For those trying to maintain a nice yard, you know pests can totally be an issue, right? Well the same thing applies for big scale projects, like grassland restoration. For example, planting seeds to revive a region’s flora is significantly more difficult if local critters are eating up the seeds before they have a chance to grow. Non-toxic approaches are obviously not ideal, so looking for a natural alternative led scientists to a hot new idea, using peppers! Can hot peppers be used for pest control? Listen to this Question Your World radio report produced by the Science Museum of Virginia to find out.
For scientists trying to conserve our nation’s grasslands, solving this pest issue is a top priority. Here in the U.S., scientists have been planting seeds to revive native flora, but noticed that hungry deer mice were eating them before the plants could really take hold, thus making this restoration effort way more difficult.
Concerned conservationists are also always on the look out for non-toxic and non-environmentally harmful ways to protect our plants and grasses. The additional challenge here is doing it in an affordable way that won’t damage the plant or the land in the process. Well lucky for us, recently scientists tried a hot new idea and it seems to have some pretty impressive results.

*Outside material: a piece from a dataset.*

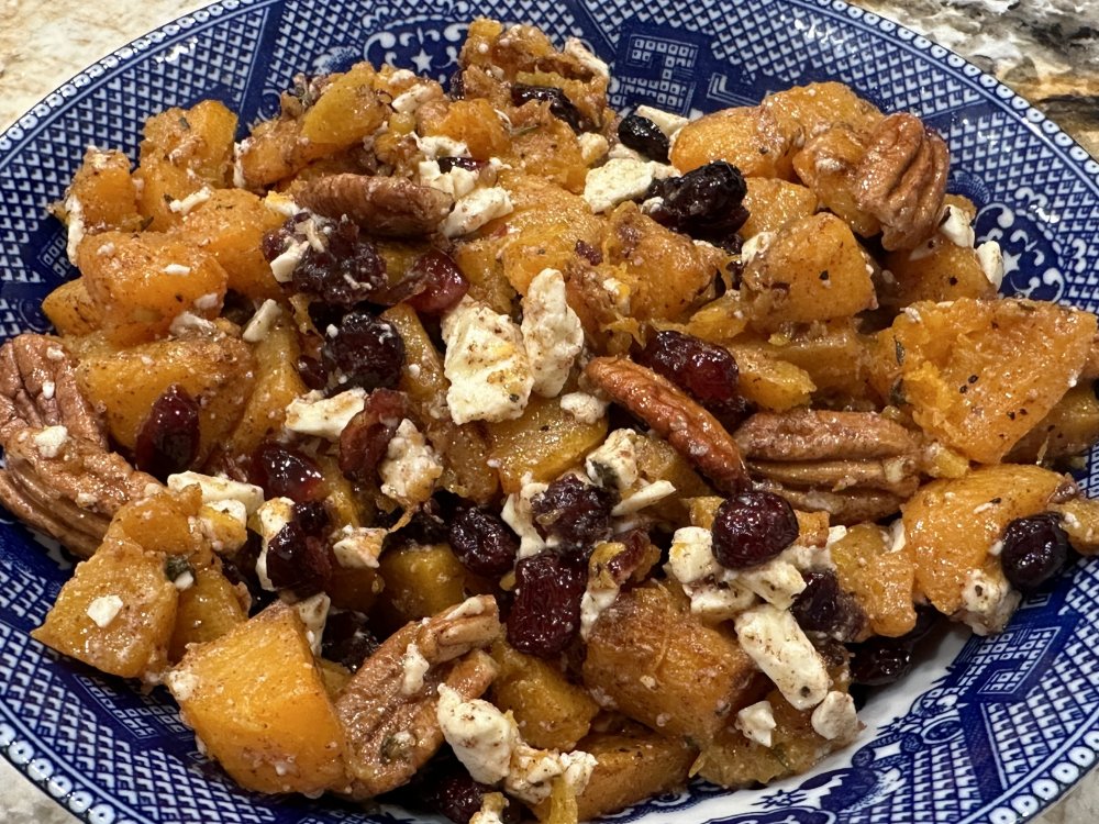 6. Smoked pork chops, butternut squash with toasted pecans, dried cranberries, and feta, and grilled romaine.
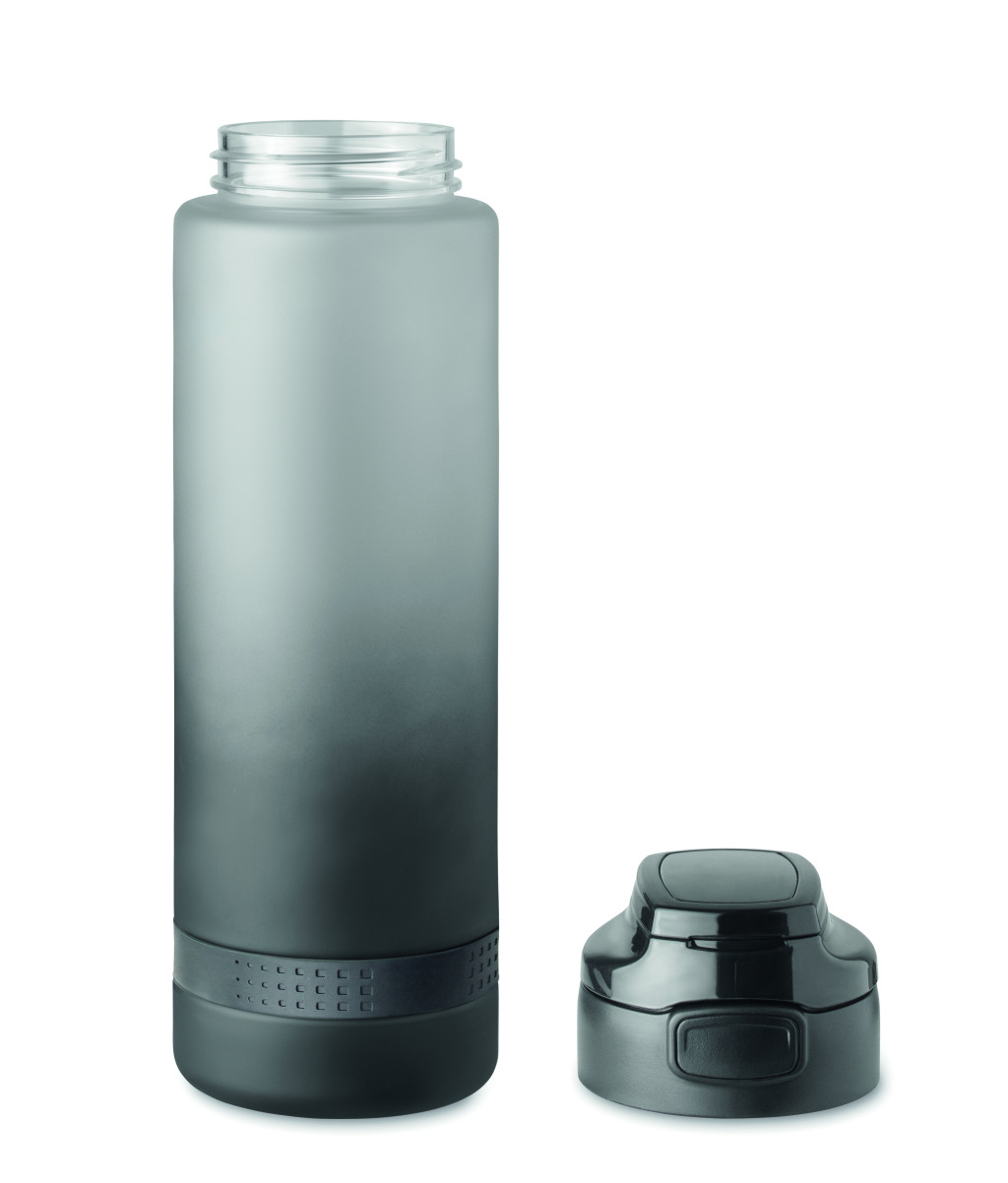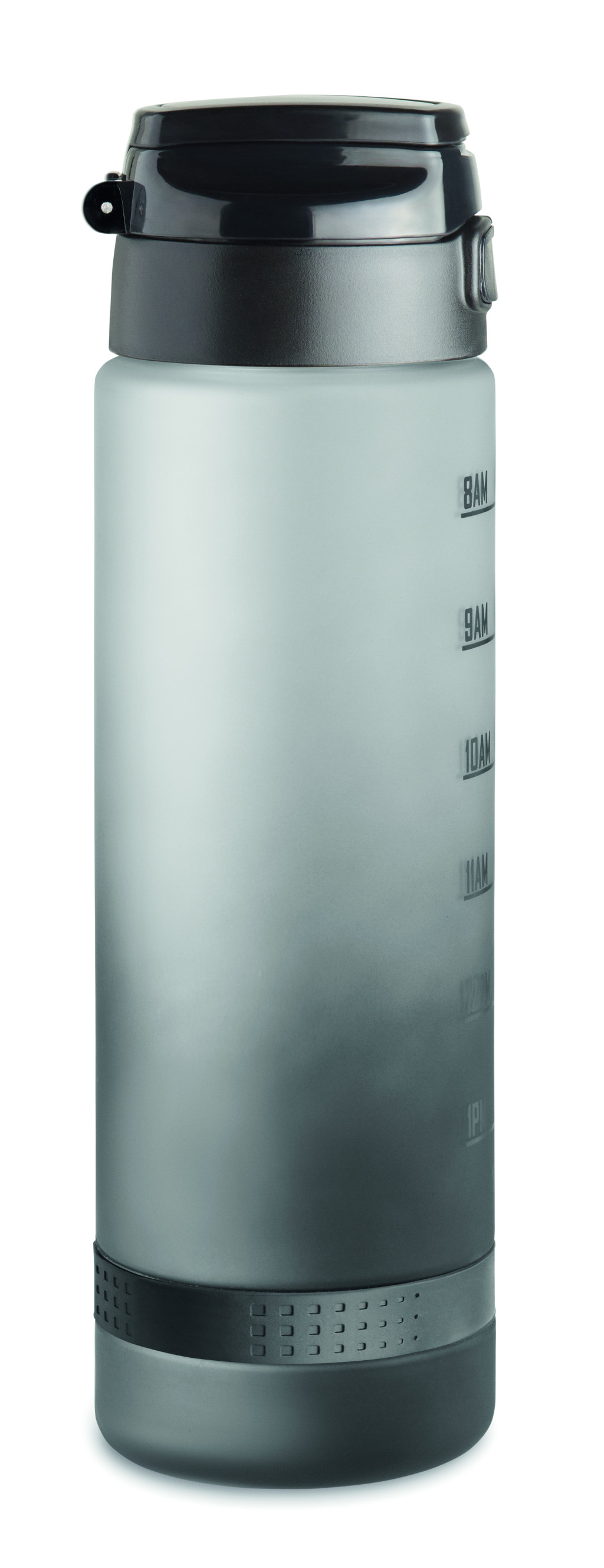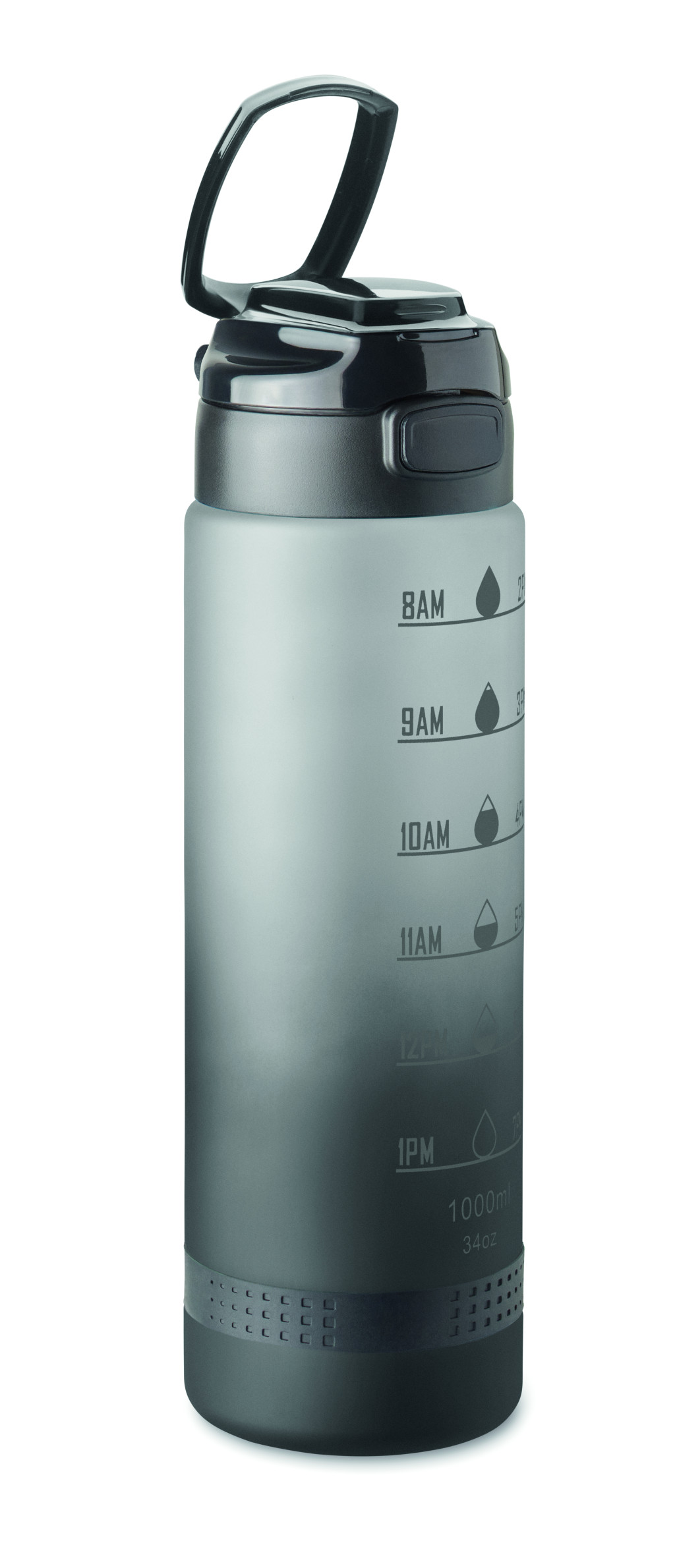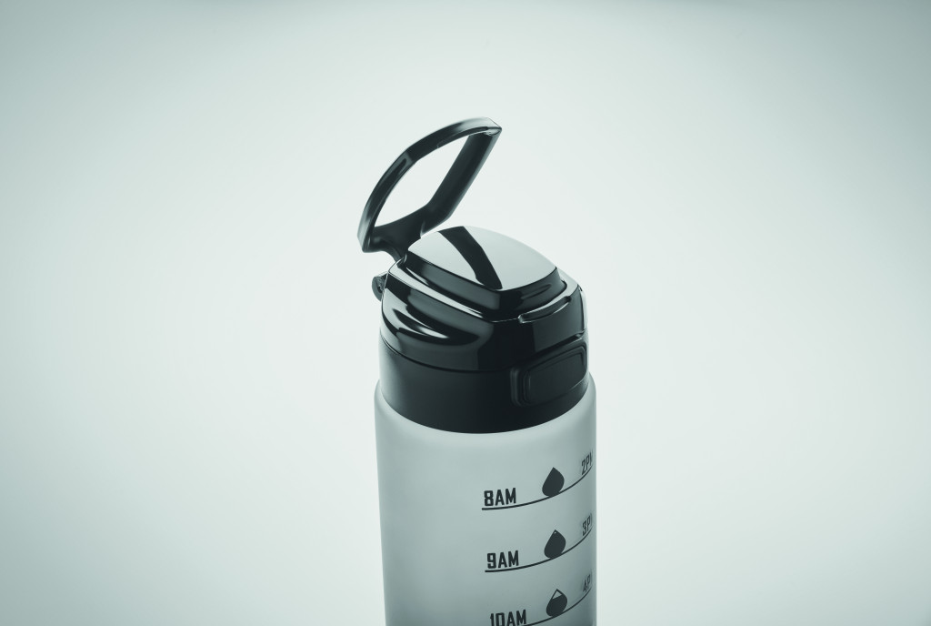 Sportkulacs RPET-ből, motivációs időjelzéssel, egy kézzel nyitható, felpattintható fedéllel, biztonsági zárral és hordfüllel. Szivárgásmentes. Űrtartalom: 1 liter.

After 4 years of lab and field testing in Montana’s Missoula Valley, scientists have finally struck gold. They discovered that what their plants needed was some capsaicin, the active ingredient in chili peppers responsible for that spicy and fiery taste. This is not the first time that this active ingredient has come into the picture for scientists. We’ve recently learned that capsaicin has also been linked to improved health and preventing some serious diseases too. That’s all for us humans. For now, let's get back to this story of mice and men...and peppers.
Scientists researched for years to find the right pepper. The perfect pepper would prevent animals from eating the crops but would not prevent the seeds from germinating. Also, this special pepper had to be able to withstand the elements and not wither away after a few months.
Enter the Bhut Jolokia, a ghost pepper from India and also one of the hottest peppers on Earth!
This ghost pepper’s capsaicin was applied as a coating around the seeds and it worked like a charm, giving scientists their non toxic and natural plant defense against hungry mice. In fact they noticed that 86% fewer seeds were being consumed by deer mice after the plants got the ghost pepper treatment. Proving once again that scientific application of red hot chili peppers could be more beneficial than just listening to the “Red Hot Chili Peppers.”